Back to the financial piece for full disclosure: Keep in mind that she will be charging once she’s satisfied with the results of the trials.  But this post isn’t a sales call.  It’s simply to state where I am and that she has two other people in her clinical trial and is working on them.   And before you think this is as quick as tapping your heels and wishing yourself home, this is no short process.  It took us 4-5 sessions within the first month to eradicate the pathogens and another 5 sessions to clean up junk and damage (i.e., in my case: poor lymphatic drainage that impeded removal of toxins) that the body has accumulated due to Lyme and coinfections.  So, you have to know that it will be at least two months before you begin to feel confident that you don’t have Lyme anymore.

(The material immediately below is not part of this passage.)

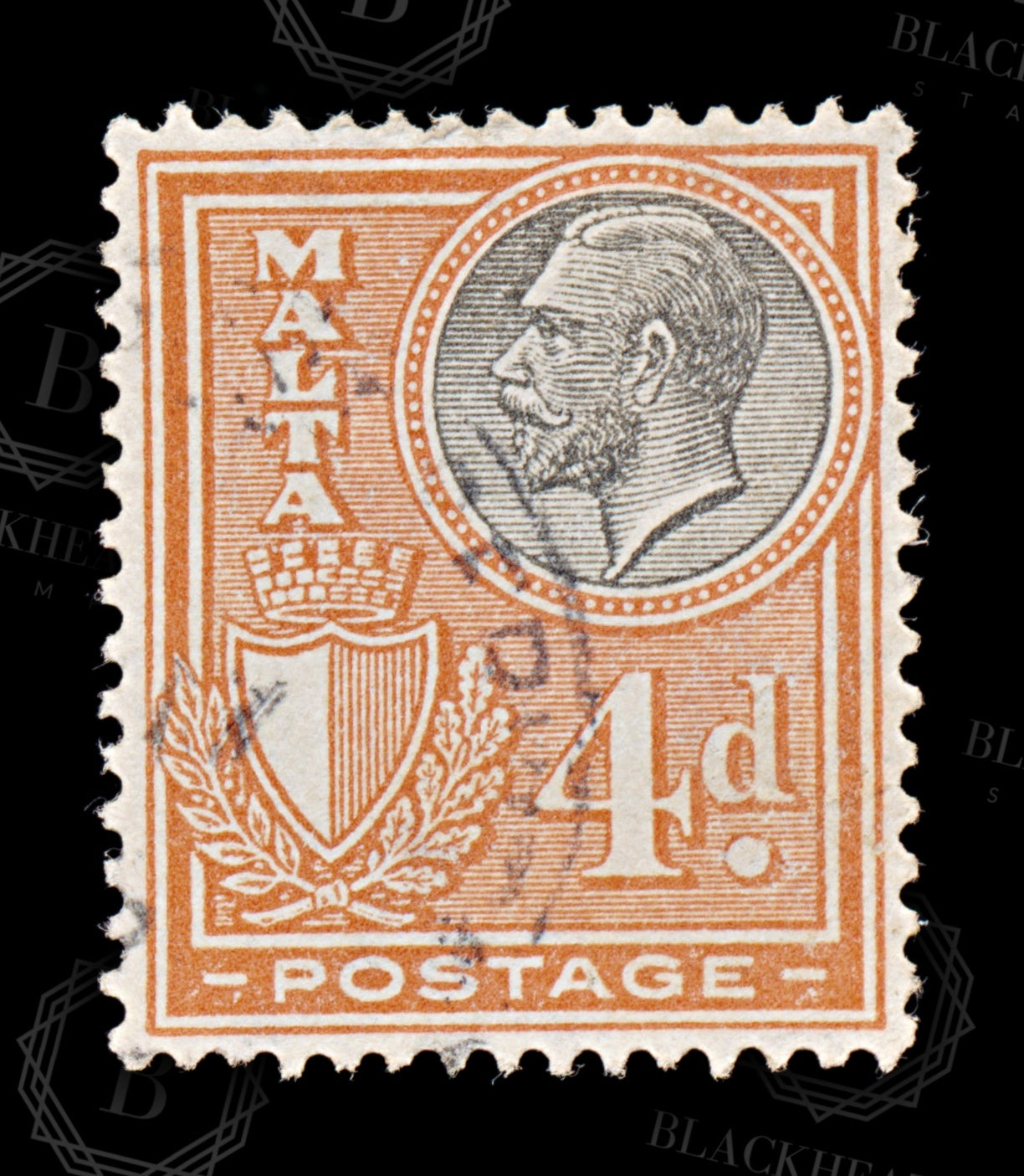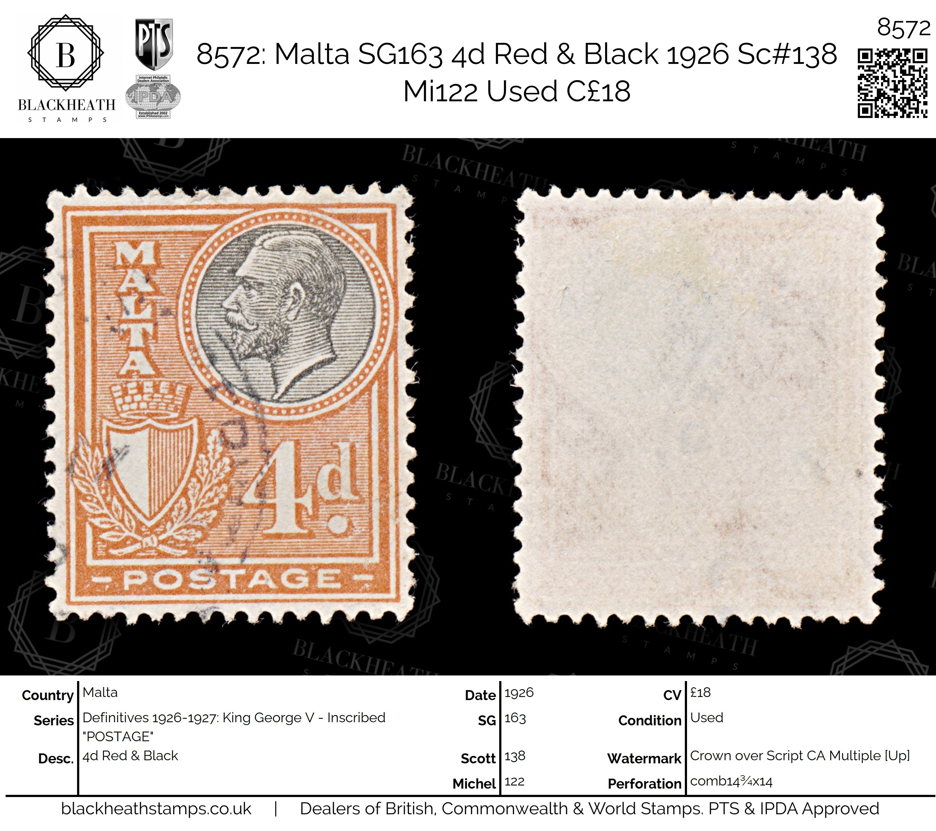 8572: Malta SG163 4d Red & Black 1926 Sc#138 Mi122 Uséd C£18

As a side note, I’ll give you another few testimonies that are not Lyme related.  Since she’s learned this technique (a teachable skill which I’m learning to do), I go to her now for everything, the flu, headache, etc.  I started to get a cold sore, could feel it coming on, asked her within 5 mintues to take care of it, she worked on it for 10 minutes and it never surfaced.  My psoriosis on my left hand and foot is 99% gone and healing rapidly- it has persisted since last summer, and didn’t begin final healing until we worked on treating the fungus and mold.   I started to get the flu this morning, with body aches (that are different than Lyme body aches) and swollen glands.  She worked on me for 15 minutes, I took a hot bath and the body aches were gone by the time I got to her house for Thanksgiving dinner today.

So.  I know how this sounds.  But you get to decide what you want to do with this information.  Take a look at the rest of my blog.  Look at all the other things I’ve tried.  You can now contact me at quantumcommand@Gmail.com where I can work with you one on one with this disease.

I can tell you that my life is freer today than its ever been and the Lyme is GONE.   I’ve tried everything.  But this is the only thing that has worked.

So call me crazy.  But I call myself cured.